Dating A Married ManI am actually going crazy about this MM situation that I am into right now I had to open my mac to search for blogs on this topic that led me here. My partner, yeah, a married man, was my classmate in graduate school about 6-7 years ago. I knew back then that he had some physical attraction with me as he volunteered to take me home after our class. He successfully did for a couple of times and in those occasions he told me that he is already married and that I should not send him text messages or even call him. I respected that of course because I was not attracted to him although I must admit that I felt elated with his offers.
Mending a broken heart
We both stopped schooling and did not see each other for almost 4 years until early last year when I had the break up with my 2-year boyfriend. I was still madly in love with my ex during our first meetings and I never really thought of entering into any serious relationship with him. It was too late before I realized that I was already hooked in this crazy love with him. The out-of town trips and escapades made us closer and I appreciated his presence more, as he has never left me during the lowest low points of my life. He was so sweet and kind to me. The way he kisses me, embraces me and lets his fingers run through my hair proves that. He keeps on saying that he loves me so much, much more than he loves his wife. He said that even before we met each other he is already having difficulties in dealing with his wife but he cannot do anything but support her because of their two kids. He said that he couldn’t take it if his wife will take their kids away from him. This is basically the reason why we were always extra careful, always hiding.

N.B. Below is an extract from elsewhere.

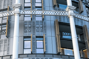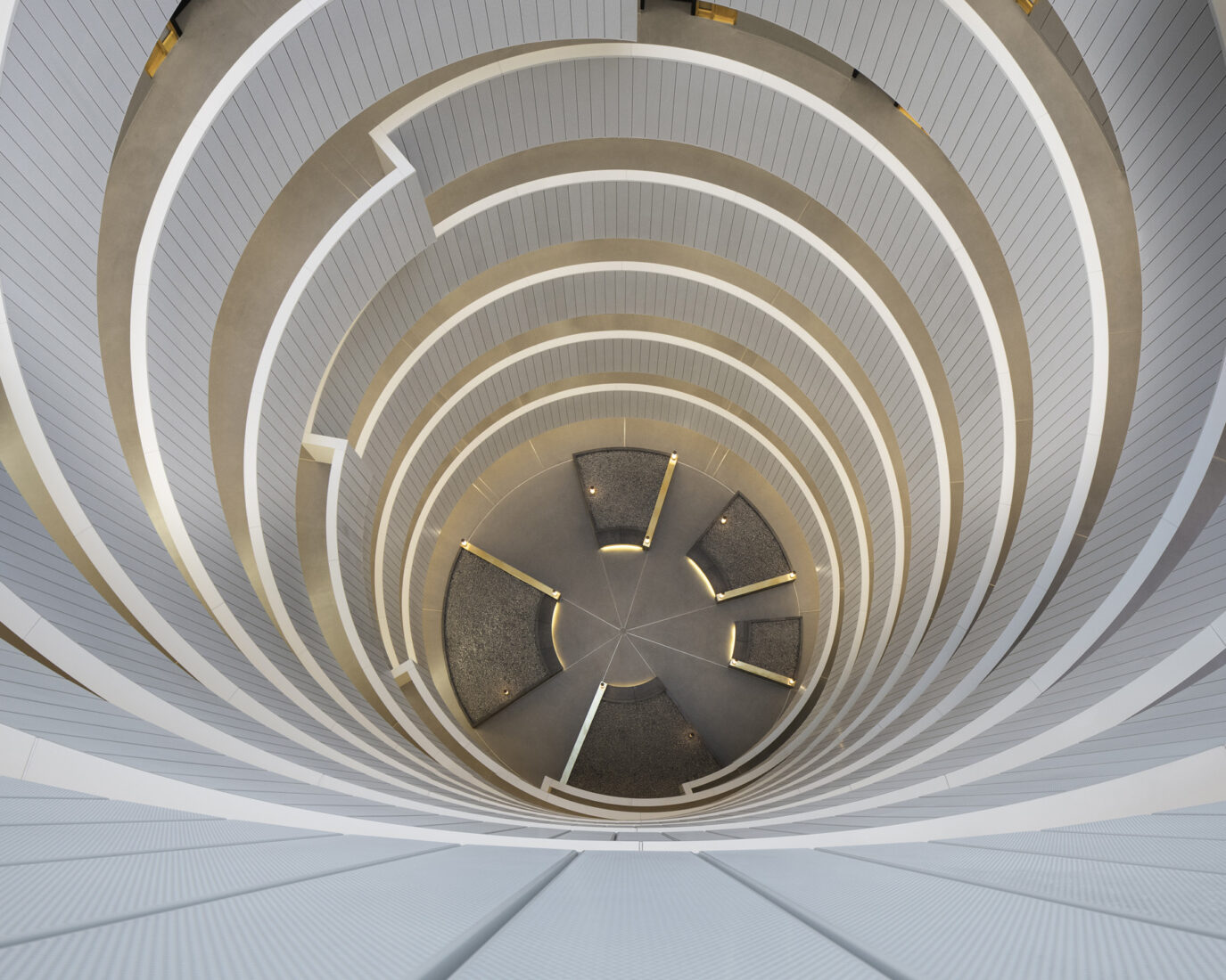 AE Interests: luxury residential apartments, cylindrical volumes, curvilinear design, perforated and motorized shutters, circular atria, repurposing and restoration project, historical preservation, 257,796 ft² and 145 apartments, precast concrete panels

No weekends, holidays and special days with him
I cannot text or call him during weekends and I have to wait for him to call me first when his wife is not around. We cannot be together on special occasions like Christmas even on his birthday and of course on special holidays. No pictures of us together on FB and no dealings with friends who know our status. But at least he introduced me to his subordinates, as he is a manager in an engineering company. But still, this did not give me the peace of mind and security that I always wanted. I am such an insecure lonely animal. I cannot talk to him, to my man, whenever I need someone to talk to. I cannot introduce him to my family and similarly, he cannot, or shall I say of course not, introduce me to his.
Madly in love
For the past few weeks since before the year ended, although I love him so much, I am already thinking of getting out of this relationship with him. I am madly in love with him. But I truly hate that feeling of thinking and asking myself whether he is having sex with his wife? Initially I was too afraid to ask him upfront about this but I finally had that courage and although I was expecting an answer of “NO”, which is unbelievable as it is inevitable, it hurts so bad to hear “YES, about once to twice in two weeks!” His response brought me to silence. Silence that made me think deeper and reflect on my current situation. Our countless making-love sessions were just so good I was never really satisfied like that before. I can feel how passionate he is to me each time we become one. But is this enough for me to justify staying with him? The wife, the kids, oh yes! A hundred of times the thought of me being a home wrecker already crossed my mind. I even read his wife’s messages to him. And most of the time his wife would call him, I can hear her angry voice from the phone, and I am witness to why he would make up stories and lie to her just to hide what we were doing.
Is there a “happily ever after”?
Yes we did have great conversations about the future, of what we are going to do, that he also wanted to have a child with me to keep us together for years. That we are going out of the country for us to be together for good. There was no moment when we were together that he did not say how much he loves me and that will always make me think most especially in times when I am already about to tell him that I must leave him.
It has almost been a year now since then and now I am trapped in this dark relationship. I know that I am wrong but I must admit that I love him very much and I need him with me but I can’t have him. Not even 50% of him. I may sound so selfish but I am finding the strength in me to pick up the pieces of my life.